What I didn’t understand at the time, and what many don’t realize about grieving parents, is that when they feel called to honor their child by addressing the very issue that took their life, or by sharing special qualities and supporting favorite interests of their child for the benefit of the rest of us, they discover purpose. They create new hope. And they generate a new kind of inner peace and fulfillment that carries them forward in this lifetime. At some point, realizing they have endured the worst of all fears, they find themselves fearless. Relentless in their pursuits. Propelled by a superhuman dose of will and determination.
I have heard both Democratic and Republican politicians say that it will take the parents who have a lost a child to change our country’s gun laws. It will also take the rest of Americans to show up, become an extended part of their community and support them in ways we can. Because these are the people who will fight to the bitter end. They are the ones who are driven by a love so eternally deep that they will search for solutions day and night. And while the rest of us prioritize our own lives and divide our remaining attention between other social and political causes near and dear to our hearts, these parents are the ones who will strive to improve gun safety for all of us and never, ever,give up.
As absurd as it may sound, receiving city approval to donate over a million dollars of community-raised funds to improve a dirt field in a public park was nearly impossible. Had my family and our extended community not been driven by love, we would have given up and caved in to all the senseless bureaucracy. It’s hard to imagine what it will take to change our country’s current standstill on serious issues like gun violence, but we can start by empowering these parents and following their lead.
When we write a single letter of support, we honor their children. When we show up and vote against a government representative who cares more about their own power than innocent lives, we celebrate their children. And when we take the time to donate a dollar, show up to a local meeting or even simply attend an event, we contribute to the legacies of their children and further define our own.
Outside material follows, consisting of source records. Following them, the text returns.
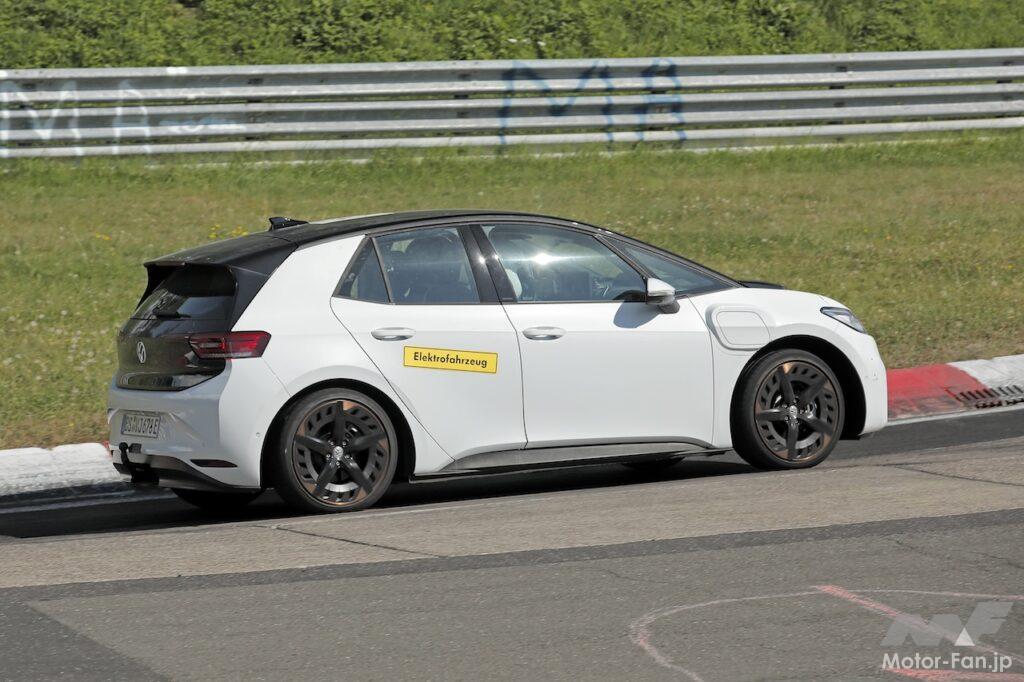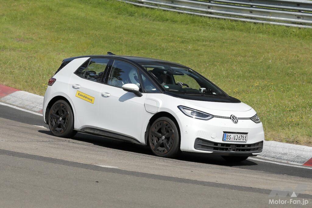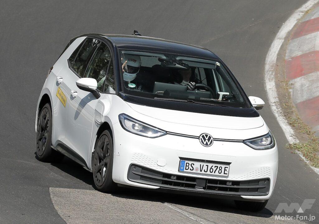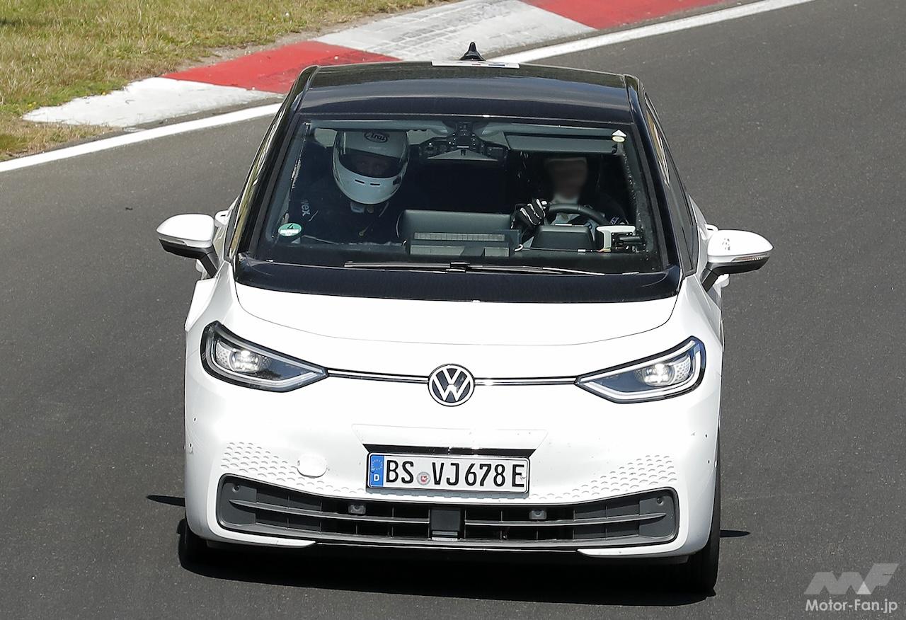ニュルブルクリンクで捉えたプロトタイプは、兄貴分「ID.3」のボディをまとったテストミュールだが、ホイールベースは短く、それに伴い後部ドアも短く処理されている。最大の注目は充電ポート位置で、ID.3が助手席側リアフェンダーにあるのに対し、このプロトタイプは助手席側フロントフェンダーに配置されている。
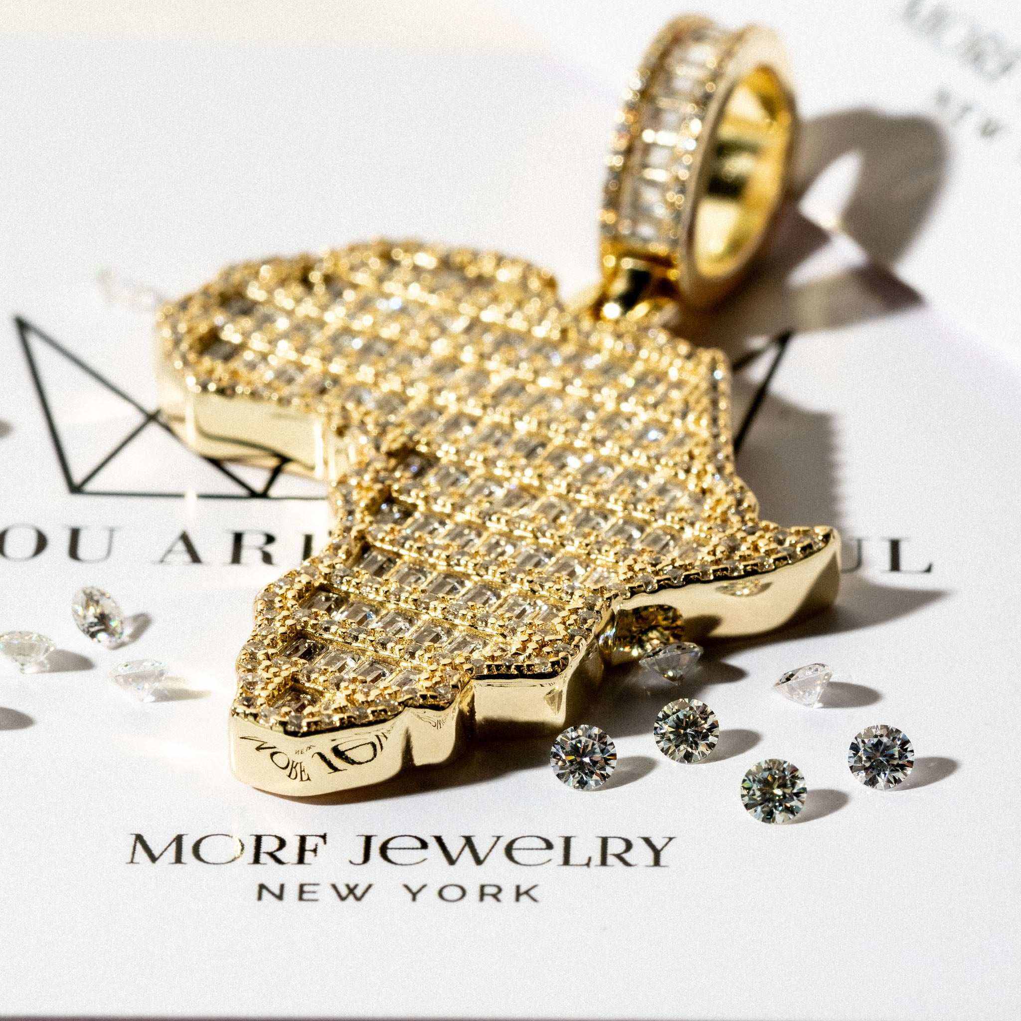 The detailed 3D micropave design of this pendant is truly captivating. Adorned with micro paved handset man-made diamonds(CZ) in both baguette and round cuts, it exudes brilliance and allure. These diamonds are so exquisitely crafted that it's nearly impossible to distinguish them from natural diamonds without the aid of a microscope. Prepare to be dazzled by their icy effect!
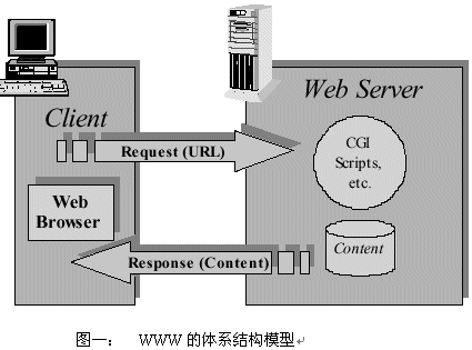 語(yǔ)音應(yīng)用協(xié)議的體系結(jié)構(gòu)類似于WWW的體系結(jié)構(gòu)和WAP的體系結(jié)構(gòu),圖一是WWW的體系結(jié)構(gòu):
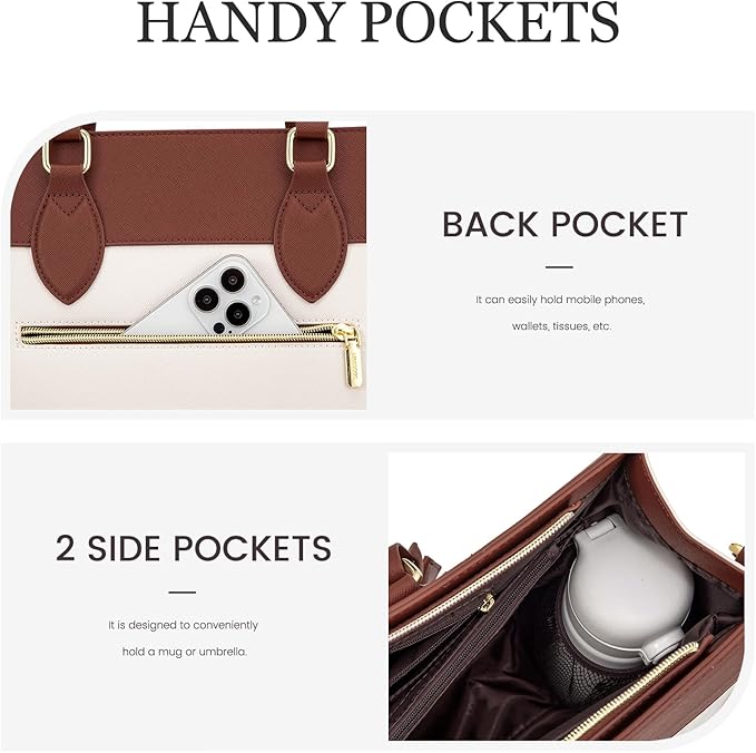 - 【Multi-pocket Handbag】 The main compartment incorporates various pockets for organized storage, including a laptop compartment, tablet compartment, large zipper pocket, two open pockets, a small zipper pocket, two pen slots. Each pocket is strategically placed for easy access and efficient organization

We don’t have to be celebrities to lead a movement or create meaningful change. In 1980, Mothers Against Drunk Driving (MADD) was started by a mother in California whose 13- year-old daughter was killed by a drunk driver. Since then, drunk driving deaths in our country have fallen by 50% and MADD has grown into 3 million members and 600 state organizations across all 50 states. MADD puts aside personal politics and advocates for improved legislation, life-saving technology, the education of our youth and support for victims. Forty years later, America finally understands and mostly agrees that while we have the right to purchase alcohol, we do not have the right to drink and drive, for that combination is what kills.
To the grieving parents choosing to advocate for gun law reform or any other issue impacting the wellness and safety of our children, I offer my heart and extend my hand. What aspect of the conversation do you all agree needs to be addressed first, and how can I help? I will forward your efforts to my community, and they will pass it on to theirs. One by one, we will connect. We will unite. And we will prevail. Because if anyone can lead our country toward change, it is going to be you, and when that day comes, no matter how slow and painful the road may be, it will be your beautiful children the future of our country will have to thank.
Nikki Mark is founder and president of the TM23 Foundation, which aims to teach children the power of community, equality, diversity and inclusion, one field at a time.